▸ **Aim of the task**
All entries below are to be reproduced precisely as they stand, without the pictures.

---*---

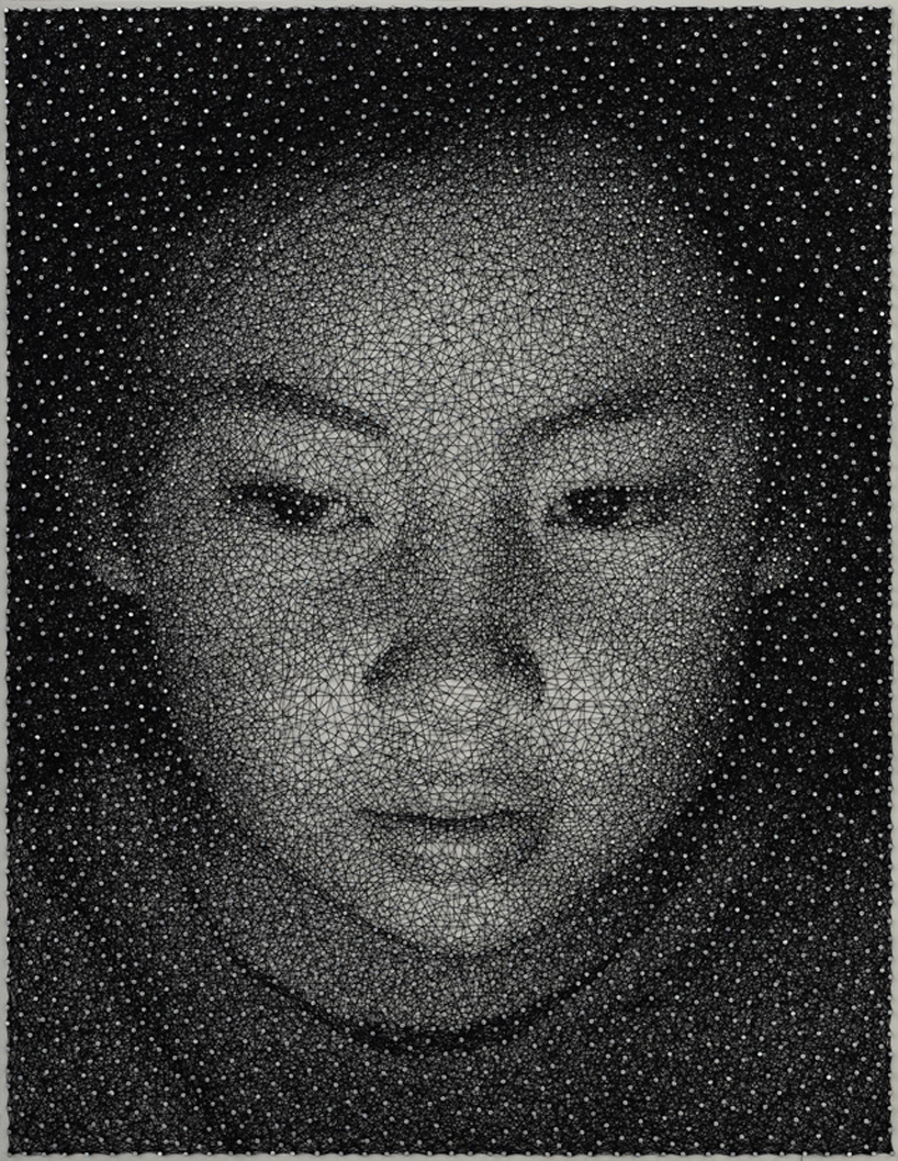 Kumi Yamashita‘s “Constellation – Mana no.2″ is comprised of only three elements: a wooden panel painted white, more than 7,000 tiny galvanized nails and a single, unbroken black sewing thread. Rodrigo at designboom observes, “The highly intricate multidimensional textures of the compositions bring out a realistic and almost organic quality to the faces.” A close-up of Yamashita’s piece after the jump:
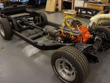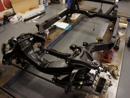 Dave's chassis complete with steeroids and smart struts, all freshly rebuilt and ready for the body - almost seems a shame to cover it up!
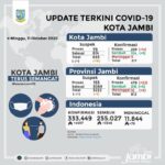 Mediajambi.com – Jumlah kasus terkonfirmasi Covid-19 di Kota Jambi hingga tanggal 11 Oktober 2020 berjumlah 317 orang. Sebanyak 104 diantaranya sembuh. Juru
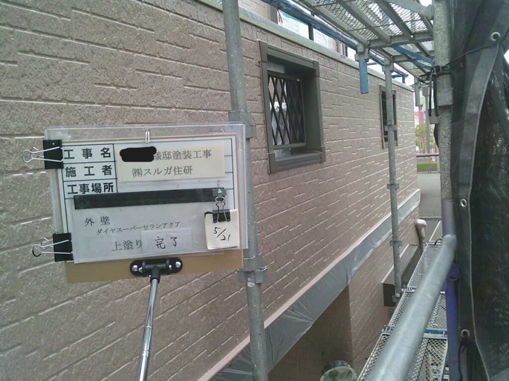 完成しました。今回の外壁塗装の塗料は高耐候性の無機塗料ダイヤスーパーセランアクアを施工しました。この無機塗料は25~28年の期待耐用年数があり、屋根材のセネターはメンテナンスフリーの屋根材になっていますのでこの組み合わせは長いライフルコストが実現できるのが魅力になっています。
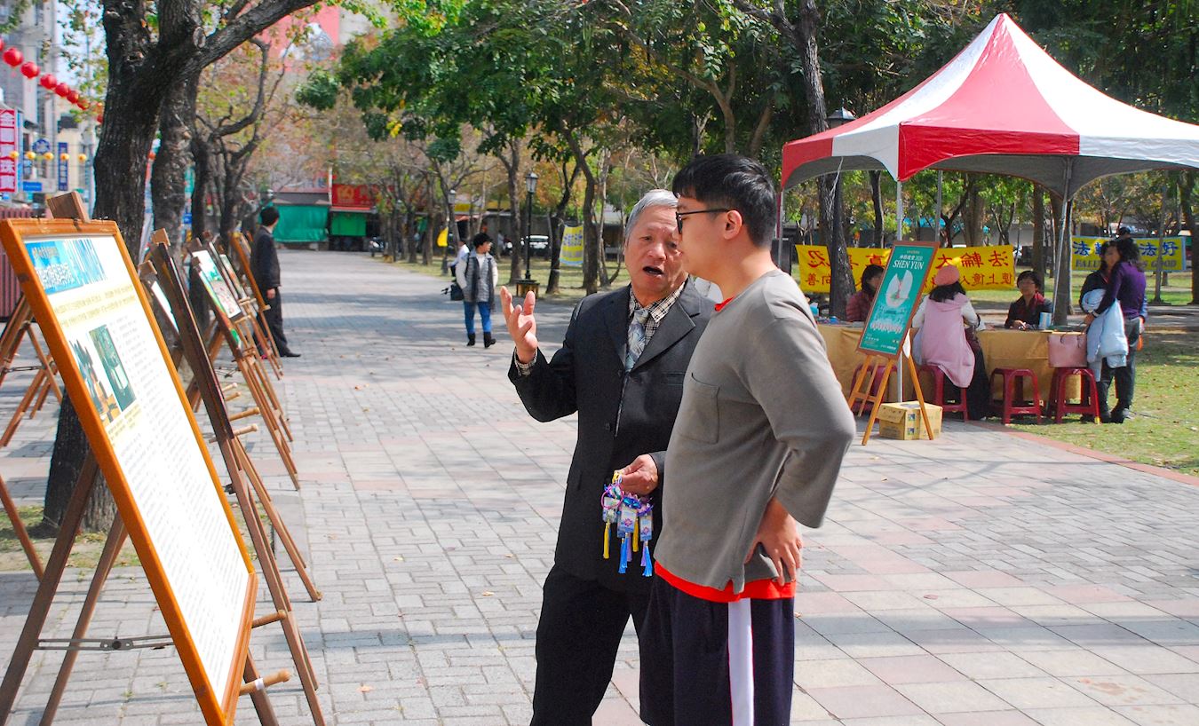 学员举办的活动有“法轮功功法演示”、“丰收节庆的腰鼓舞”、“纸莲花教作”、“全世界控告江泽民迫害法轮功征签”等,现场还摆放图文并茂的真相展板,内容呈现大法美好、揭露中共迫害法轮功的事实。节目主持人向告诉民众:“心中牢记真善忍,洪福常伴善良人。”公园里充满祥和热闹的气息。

---*---

▸ **Result of the task**
 Kumi Yamashita‘s “Constellation – Mana no.2″ is comprised of only three elements: a wooden panel painted white, more than 7,000 tiny galvanized nails and a single, unbroken black sewing thread. Rodrigo at designboom observes, “The highly intricate multidimensional textures of the compositions bring out a realistic and almost organic quality to the faces.” A close-up of Yamashita’s piece after the jump:
 Dave's chassis complete with steeroids and smart struts, all freshly rebuilt and ready for the body - almost seems a shame to cover it up!
 Mediajambi.com – Jumlah kasus terkonfirmasi Covid-19 di Kota Jambi hingga tanggal 11 Oktober 2020 berjumlah 317 orang. Sebanyak 104 diantaranya sembuh. Juru
 完成しました。今回の外壁塗装の塗料は高耐候性の無機塗料ダイヤスーパーセランアクアを施工しました。この無機塗料は25~28年の期待耐用年数があり、屋根材のセネターはメンテナンスフリーの屋根材になっていますのでこの組み合わせは長いライフルコストが実現できるのが魅力になっています。
 学员举办的活动有“法轮功功法演示”、“丰收节庆的腰鼓舞”、“纸莲花教作”、“全世界控告江泽民迫害法轮功征签”等,现场还摆放图文并茂的真相展板,内容呈现大法美好、揭露中共迫害法轮功的事实。节目主持人向告诉民众:“心中牢记真善忍,洪福常伴善良人。”公园里充满祥和热闹的气息。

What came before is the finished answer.